Вот и сейчас ваш диктофон стоит на томе его автобиографических заметок. Эйзенштейн – один из моих постоянных интеллектуальных спутников. В высшей степени чуждый для меня человеческий тип, достаточно антипатичный, но я ценю его в качестве даже не оппонента, а собеседника, с которым, как ни странно, в большинстве случаев соглашаюсь. И не просто соглашаюсь, а соглашаюсь с энтузиазмом! Это великолепный ум, чрезвычайно мне близкий как по ключевым темам размышлений, так и по путям решения этих тем. Заметим, прежде всего, что пресловутые Большие Темы Эйзенштейна – Экстаз и Пафос – понимались им именно как темы о предельных феноменах, представляющих собой к тому же некоторые (в моих терминах) типы энергийного устроения человека. И в видении человека, утверждающем ключевую роль экстаза и пафоса, мне приятно опознать прообраз подхода, реконструирующего топику Антропологической Границы, – и, пожалуй, даже прообраз моей “энергийной предельной модели человека”. Далее, разногласия с умным собеседником еще плодотворней совпадений. “Экстаз”, по массе причин, входить в которые тут не место, сомнителен как адекватный базовый концепт для изучения предельных феноменов (недаром его теории у мэтра так, кажется, и не вышло). По отношению же к духовной практике исихазма он – заведомо и резко иное, не совпадающее с ее искомым. “На Елисейских полях экстаза мы встретились”, – пишет где-то Эйзенштейн.

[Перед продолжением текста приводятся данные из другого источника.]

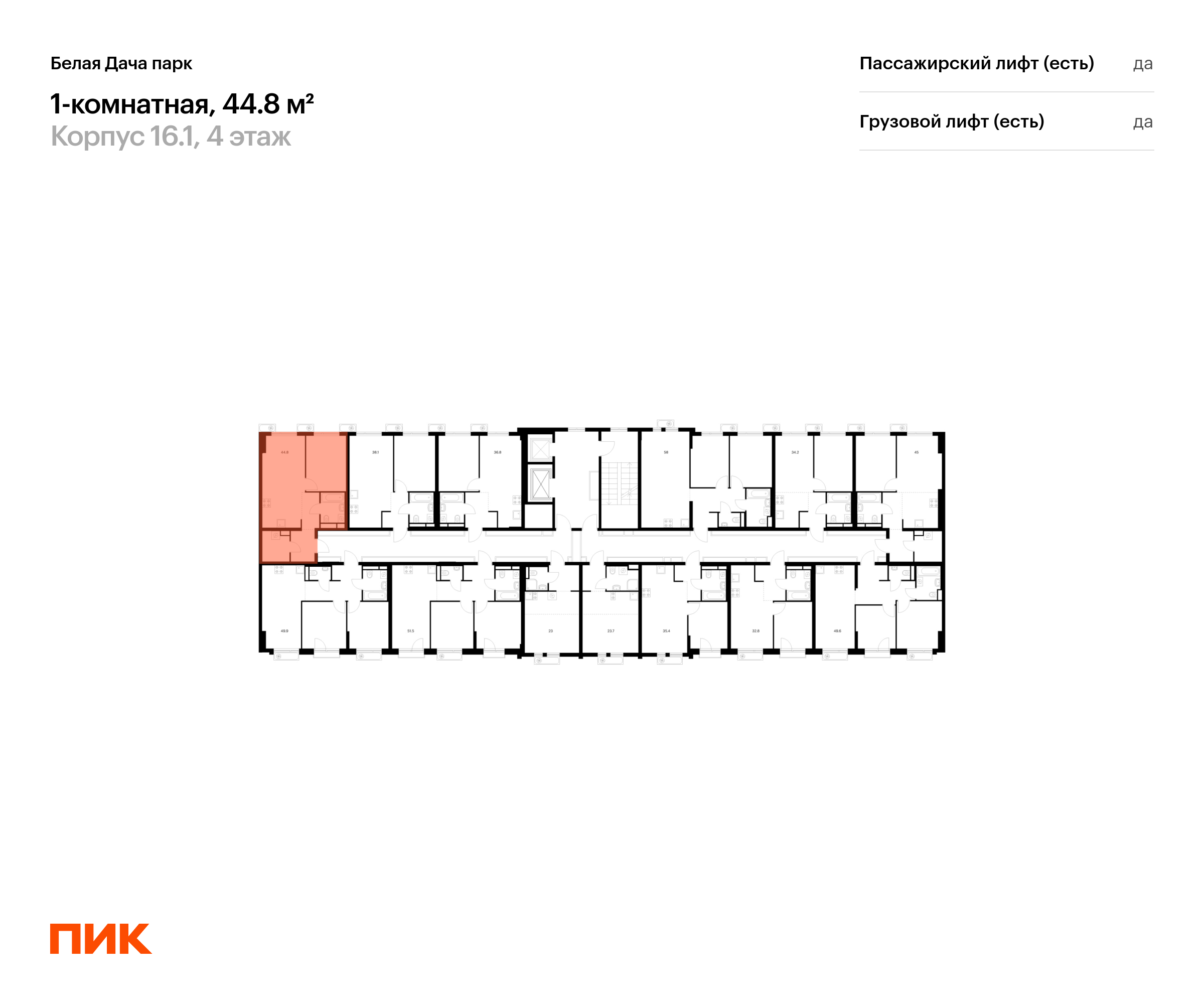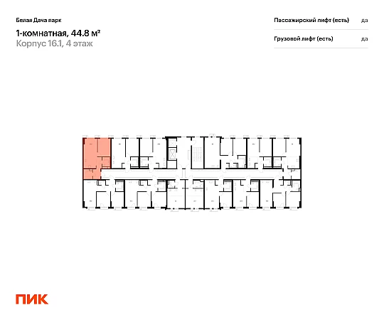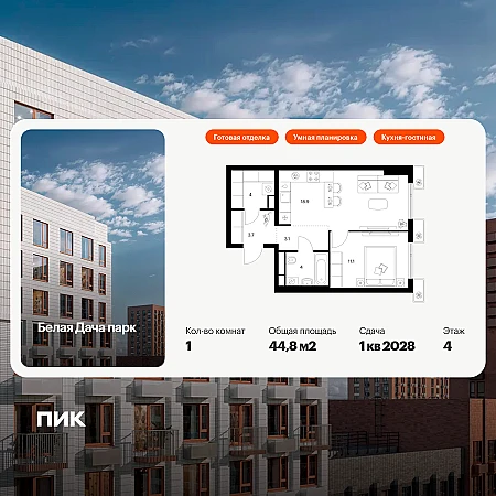 Продаётся 1-комн.квартира площадью 44.80 кв.м на 4 этаже 14 этажного дома (Корпус 16.1, секция 2) проекта ПИК Белая Дача парк. Светлый просторный подъезд на уровне земли, функциональная планировка, большие окна, с отделкой.

Мы же с ним на этих полях разошлись.
Итак, Эйзенштейн (и надо добавить, еще и Джойс – важная и нас соединяющая фигура!) пытается развить гибкий, системно-динамический, холистически-синтетический, энергийный взгляд на человека. Как человек кино, а не абстрактный философ Эйзенштейн обладает особой, кинематографической постановкой ума, что направлена на осмысление антропологической реальности в целом: как движется и что собой представляет то многомерное целое, которое есть действующий человек – человек в действии, включая его разум, его эмоции, перцепции, а также, несомненно, и соматику, тело. Все это сложное целое, над которым я размышляю как антрополог, Эйзенштейн видит необычайно продуктивно и эффективно. И все, что он говорит о том, как человек действует, чувствует, думает, воспринимает, – всегда, без дураков, ясно, эффективно и, как правило, на 99 процентов совпадает с тем, как вижу это я. Что не исключает диаметральных расхождений в самом общем.
Т.И. В чем именно?
С.Х. Про “экстаз” я сказал уже, но это не главное. Главное же – на поверхности и всем отлично известно, ибо он сам это явно вскрыл и даже демонстративно выпятил.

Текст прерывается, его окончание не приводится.